- _EXERCISE_
Starting at the line that contains "在 1.1765 之下,看跌,目标价位为 1.1725 ,然后为 1.1710 。", write out every line to the end of the records below exactly, and leave out the pictures.
____ RECORDS TO PROCESS
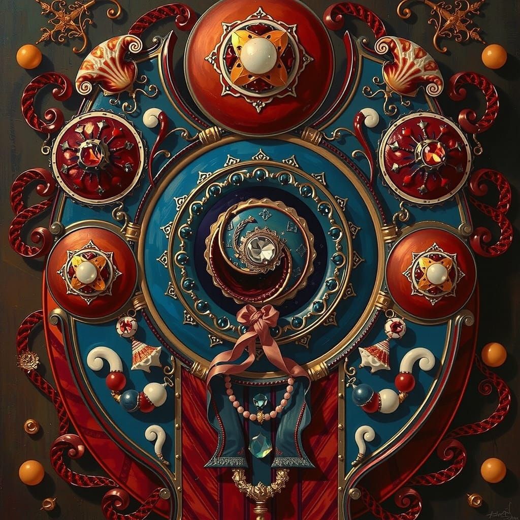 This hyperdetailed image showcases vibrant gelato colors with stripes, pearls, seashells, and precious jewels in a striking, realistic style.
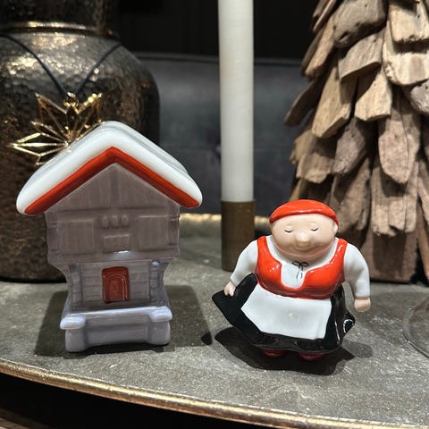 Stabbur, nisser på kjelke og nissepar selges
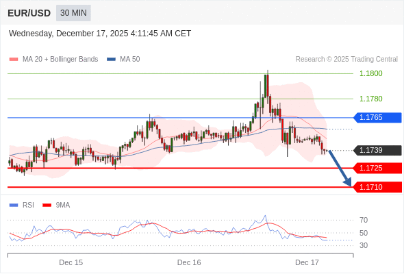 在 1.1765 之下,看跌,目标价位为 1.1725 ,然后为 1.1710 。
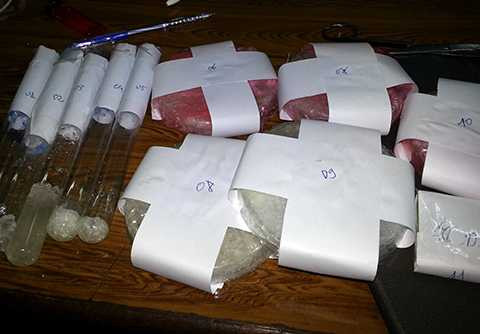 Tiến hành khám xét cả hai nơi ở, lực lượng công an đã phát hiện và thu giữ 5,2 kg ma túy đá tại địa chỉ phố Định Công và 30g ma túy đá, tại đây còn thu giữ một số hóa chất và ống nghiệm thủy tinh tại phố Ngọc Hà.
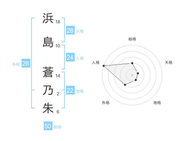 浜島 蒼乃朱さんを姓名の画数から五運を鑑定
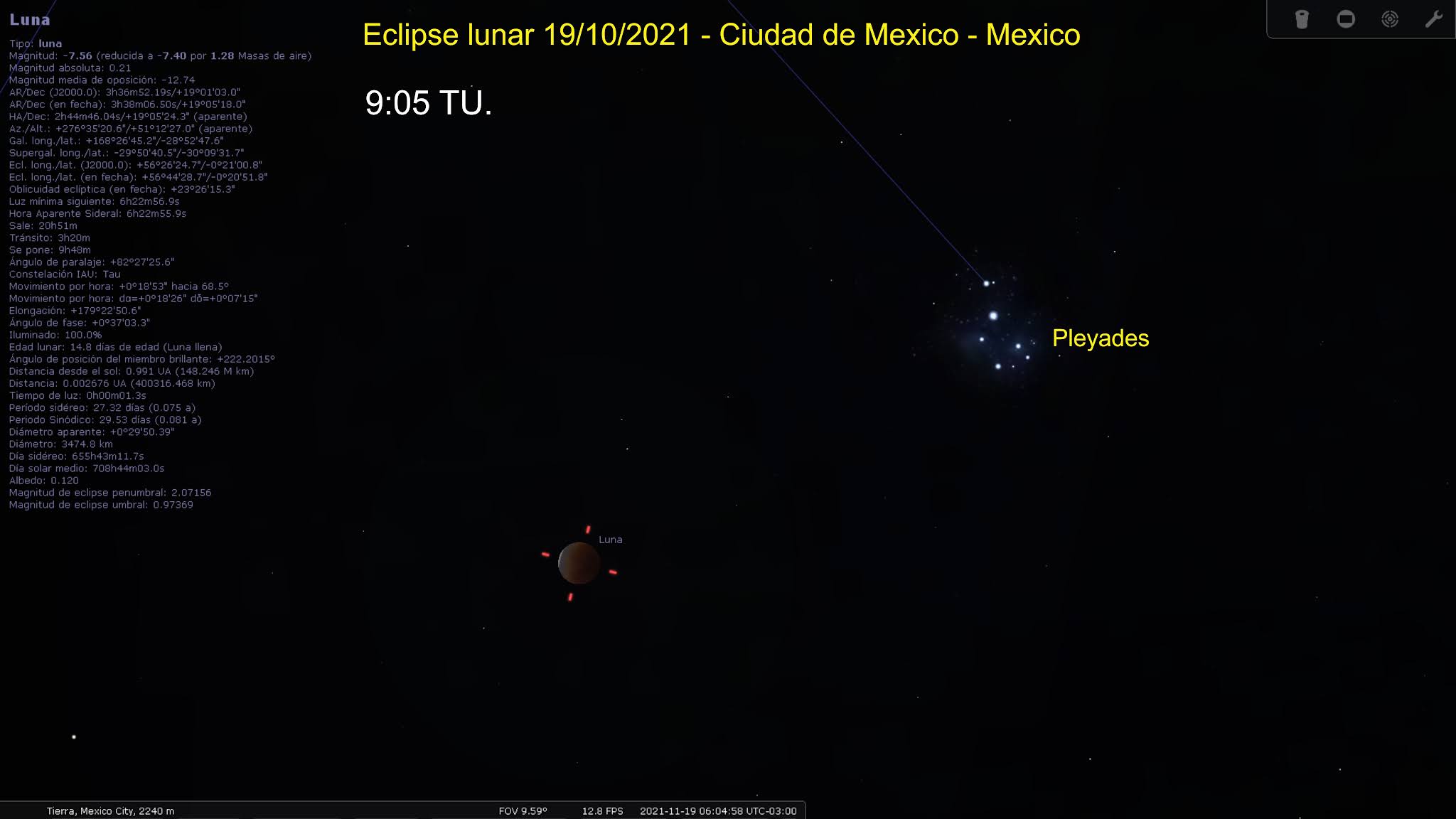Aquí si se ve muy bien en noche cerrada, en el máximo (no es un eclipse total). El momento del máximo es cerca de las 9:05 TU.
________
- _SOLUTION TO THE PROBLEM_
 在 1.1765 之下,看跌,目标价位为 1.1725 ,然后为 1.1710 。
 Tiến hành khám xét cả hai nơi ở, lực lượng công an đã phát hiện và thu giữ 5,2 kg ma túy đá tại địa chỉ phố Định Công và 30g ma túy đá, tại đây còn thu giữ một số hóa chất và ống nghiệm thủy tinh tại phố Ngọc Hà.
 浜島 蒼乃朱さんを姓名の画数から五運を鑑定
Aquí si se ve muy bien en noche cerrada, en el máximo (no es un eclipse total). El momento del máximo es cerca de las 9:05 TU.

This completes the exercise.